I did note that doing an initial start/stop at app startup shortens the time for the first start after that, but they are still far too long.

So, 2 problems: the time after startRecording and when it accepts sound is much too long for my use, and 2) I cannot start the recording ahead because it blocks all audio output.

From the specs (and other comments) it seems that blocking all audio is probably a bug on my side? (I use “false” for the second argument, but it makes no difference what I put there, all sound is stopped.)

Phone is alcatel idol 3, but these children will not have high end phones/tablets anyway.

Scott_Harrison · February 16, 2018, 6:23am

Unfortunately there is no good way to handle this, it is really and an android problem.
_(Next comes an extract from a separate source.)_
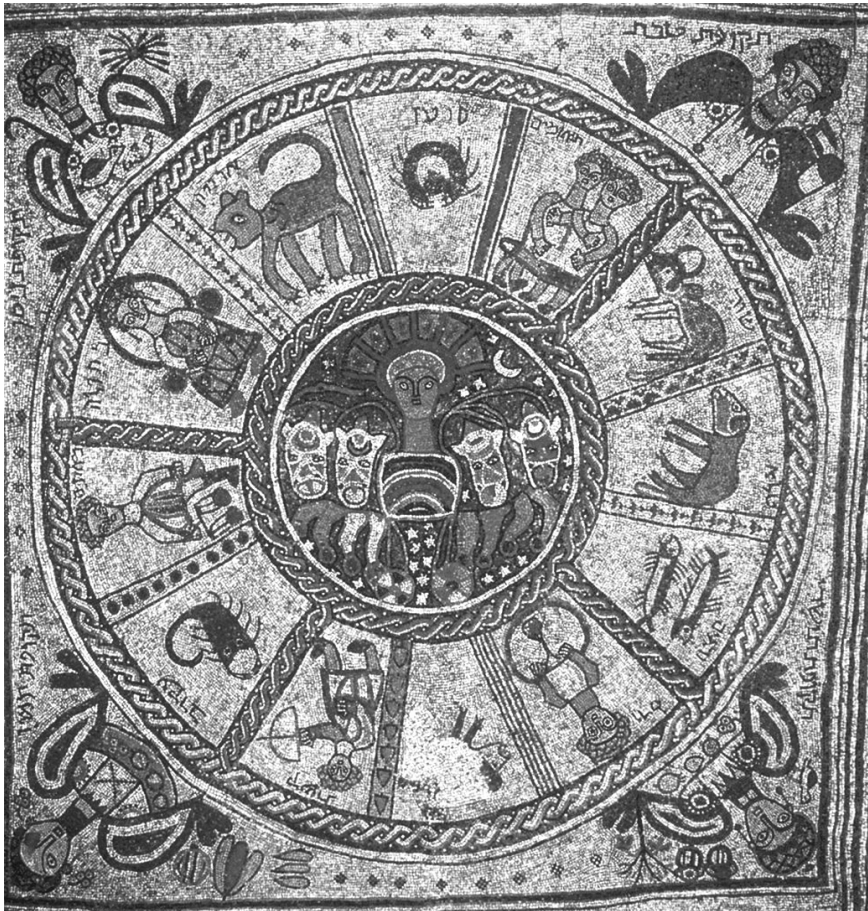
7. kép. Napszekeret, zodiákusjegyeket és a négy évszaktot ábrázoló mozaik a Bét Alfa-i zsinagógából

A gonosz és istentelen Ézsauval szimbolizált Róma a 3. század közepére minden szempontból negatív jelentéssel telítődött, bár a „testvériség” hangoztatásáról a rabbik sohasem feledkeztek meg. R. Kahana, aki Babilóniában és Palesztinában is élt a 3. században, így beszél arról a profetikus időszakról, amikor a nemzetek a Föld minden részéből ajándékokat visznek a Sionban lakó Messiásnak: „A gonosz római állam így érvel majd: Ha azokat, akik nem a testvéreik, így fogadják, mennyivel inkább bennünket, akik a testvéreik vagyunk.” 9 Róma szellemi-erkölcsi színvonalára a 3. századi palesztinai rabbi, Res Lakis ezt a példát mondta: a Genesis második versében olvasható „és sötétség volt a mélység színén” Róma mérhetetlenül mély gonoszságára vonatkozik. A szintén palesztinai Rabbi Eleázár ben Joszé a 4. század elején a senator kifejezést úgy magyarázza a héberből, hogy annak első fele, a szoné ( szin, nún, alef ) azt jelenti: ‘gyűlöl’, a noqém ( nún, qof, mem ) jelentése: ‘bosszút áll’, s a notér ( nún, tet, res ) annyit tesz: ‘haragszik’. 10

Sorry to hear you are having these issues you could try using visual options or use the native google sounds that plays.

Scott_Harrison · February 16, 2018, 6:25am

As for why audio stops, the os stops the audio no matter what. The Param is designed to stop google sound effect from playing.

dmarques42 · February 18, 2018, 2:02am

OK, thank you for the answer. I think I have improved it a lot by abandoning texttospeech (instructions of what word to say; I just use pre-recorded batch transactions from Amazon Polly) and just playing audio. That makes it a shorter and more reliable gap. We already use visuals, but these are very young kids (3-5) who have various attention issues, so the instructions “Harry, say bubble” is critical.

But now, today, voiceToText does not work at all. It was all working fine the past two days, but today, I get no error, I never get the ‘started’ e.response, and never get any recording. Did something happen to any servers or something? Is there a way for me to debug this? There is nothing at all in the log, just my own record that I did init and start (and stop), but nothing more.

Nothing is printed out, how do I figure out if it is my problem? I changed a lot of things in my code, but none of it in the routines that call voiceToText. Any suggestions?

Scott_Harrison · February 18, 2018, 2:11am

I am not sure what is happening but are you connected to internet

dmarques42 · February 18, 2018, 3:28am

Yes, lots of stuff wouldn’t work if that were a problem. But I borrowed back a different device that has the version I made yesterday and it works, so it clearly is something interacting with code I changed today (mostly replacing texToSpeech with audio.play). Do I have to worry about audio channels? But now that I know that the problem is somewhere in my app, I will track it down. But I am concerned that it stopped working after I changed other things.

Anyway, thank you for your help. Feel free to suggest anything else I should check. I will try to roll back to get it working again.

dmarques42 · February 18, 2018, 3:42am

Solved it. Somehow, microphone permissions were turned off, even though they were explicitly requested in install. If my grandson had been playing with the phone, I would have blamed him, but must have been something I did. Anyway, no problem.

My delay is much shorter and more reliable using audio.play instead of textToSpeech, might be enough to get by with it. We’ll see with user testing.

dmarques42 · February 18, 2018, 11:49pm

I have another question, about options for getting phonemes.

The children I am working with have language issues, so pronunciation a bit off sometimes (eg, ‘puh’ instead of ‘up’). I put these in my own hitlist for comparison, but I never get ‘puh’ back, obviously because it is not in any lexicon. Is there a way to get just the phonemes, and I do the word matching myself? Almost all my matching is single words with very specific context (at least so far). I tried setting the language to a phony one, but that didn’t work.

Thanks for any suggestions. This is working pretty well for me now, though can’t use it for these kids unless I can get more raw or submit my augmented lexicon.

alistair.crompton · February 19, 2018, 1:54pm

Hi,

thanks for this plugin that does a great job!

I was wondering if somehow, is there a way to disable the start and stop recording default system sounds?

Scott_Harrison · February 19, 2018, 7:43pm

Yes, on Android it is voiceToText.startRecording(nil, true)

dmarques42 · February 19, 2018, 9:44pm

>>Yes, on Android it is voiceToText.startRecording(nil, true)

When I do that, it turns off the startRecording sound, but not the stopRecording sound.

alistair.crompton · February 20, 2018, 10:02am

Thanks, perfectly works!